Bermesra dengan Ramadhan

Adalah wujud cinta pada Ilahi

 

Menyucikan diri, mendekatkan hati

Menuju surga-Mu yang abadi

Setiap momen adalah keindahan

Setiap ibadah adalah kenikmatan

Ramadhan adalah hadiah terindah

Dari Allah yang Maha Pengampun

 

Bermesra dengan Ramadhan

Adalah puncak cinta pada Ilahi

Ramadhan adalah jembatan

Menuju pertemuan dengan-Mu

24. Cahaya Ramadhan

Ramadhan datang menyapa bumi,

Membawa cahaya dalam sanubari.

Lantunan doa mengalun syahdu,

 

Di sepertiga malam yang penuh rindu.

Puasa menahan dahaga dan lapar,

Menempa hati agar lebih sabar.

Bukan sekadar menahan rasa,

 

Tapi belajar makna yang nyata.

Langit berseri dalam senyap,

Al-Qur'an terlantun tanpa lelah.

Bulan penuh ampunan dan kasih,

 

Menghapus noda dalam diri.

Di penghujungnya ada cahaya,

Lailatul Qadar nan mulia.

Seribu bulan terkumpul di sana,

Bagi jiwa yang berserah dan setia.

25. Tak Ingin Lepas Bersama Ramadhan

Ramadhan, janganlah kau pergi

Ku tak ingin lepas darimu

Setiap detikmu adalah anugerah

Penuh berkah dan ampunan-Mu

 

Ingin ku nikmati setiap momen

Sahur, berbuka, tarawih, dan tadarus

Merangkai ibadah dengan khusyuk

Mencari cinta-Mu yang tak terbatas

 

Waktu Ramadhan adalah permata

Yang tak ternilai harganya

Jangan biarkan ia berlalu sia-sia

Tanpa makna dan tanpa pahala

 

Tak ingin lepas bersamamu, ya Ramadhan

Agar ku bisa lebih lama bersamamu

Menyucikan diri, mendekatkan hati

Menuju surga-Mu yang abadi

Pertanyaan dan Jawaban

1. Apa tema utama dalam puisi-puisi Ramadhan?
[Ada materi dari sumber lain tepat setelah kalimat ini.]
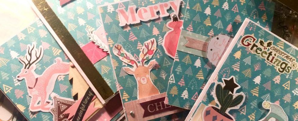 Como tengo muchos planes, hago cosas por turnos, y con una de las hojas he hecho un grupo de 5 tarjetas de navidad! Los adornos están mezclados, no soy capaz de usar solo una cosa, me encanta mezclar!
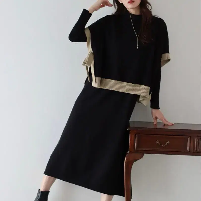 와이드 실루엣의 니트 베스트 & 원피스 레이어드 세트
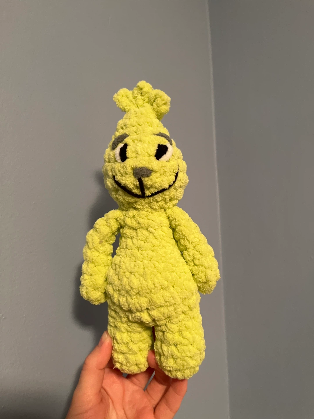 Selling a cute, handmade plush inspired by the Grinch! It's a soft, cuddly, and unique item perfect for fans of the classic story or anyone who loves decor or for a child for Christmas or their birthday.
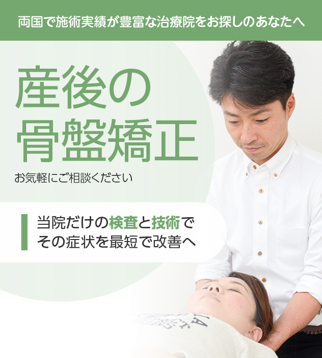 これまで改善しなかったとしても諦める必要はありません。産後の骨盤矯正は豊富な施術実績を誇る当院にお任せください。

Tema utama puisi Ramadhan umumnya berkisar pada ketakwaan, ampunan, kesabaran, keikhlasan, serta peningkatan iman selama bulan suci. Selain itu, banyak puisi menyoroti makna puasa sebagai sarana penyucian diri dan momentum untuk mendekatkan diri kepada Allah SWT.

2. Mengapa Ramadhan sering dijadikan inspirasi dalam karya puisi?

Ramadhan memiliki nilai spiritual yang mendalam dan sarat makna religius. Suasana ibadah, malam Lailatul Qadar, doa, serta tradisi sahur dan berbuka menjadi sumber inspirasi emosional yang kuat untuk dituangkan dalam bentuk puisi.

3. Apa makna Lailatul Qadar dalam puisi Ramadhan?

Lailatul Qadar digambarkan sebagai malam penuh kemuliaan yang lebih baik dari seribu bulan. Dalam puisi, malam ini sering dimaknai sebagai puncak kerinduan spiritual, momen pengampunan dosa, dan kesempatan terbaik untuk mendekatkan diri kepada Allah.

4. Bagaimana puisi Ramadhan menggambarkan makna puasa?

Puisi Ramadhan tidak hanya menggambarkan puasa sebagai menahan lapar dan dahaga, tetapi juga sebagai latihan kesabaran, pengendalian diri, serta proses pembersihan hati dari amarah, iri, dan dosa.

5. Apa pesan moral yang bisa dipetik dari puisi-puisi Ramadhan?

Pesan moralnya antara lain pentingnya memperbanyak ibadah, berbagi kepada sesama, menjaga hati, meningkatkan keikhlasan, dan memanfaatkan Ramadhan sebagai ladang amal sebelum waktu berlalu.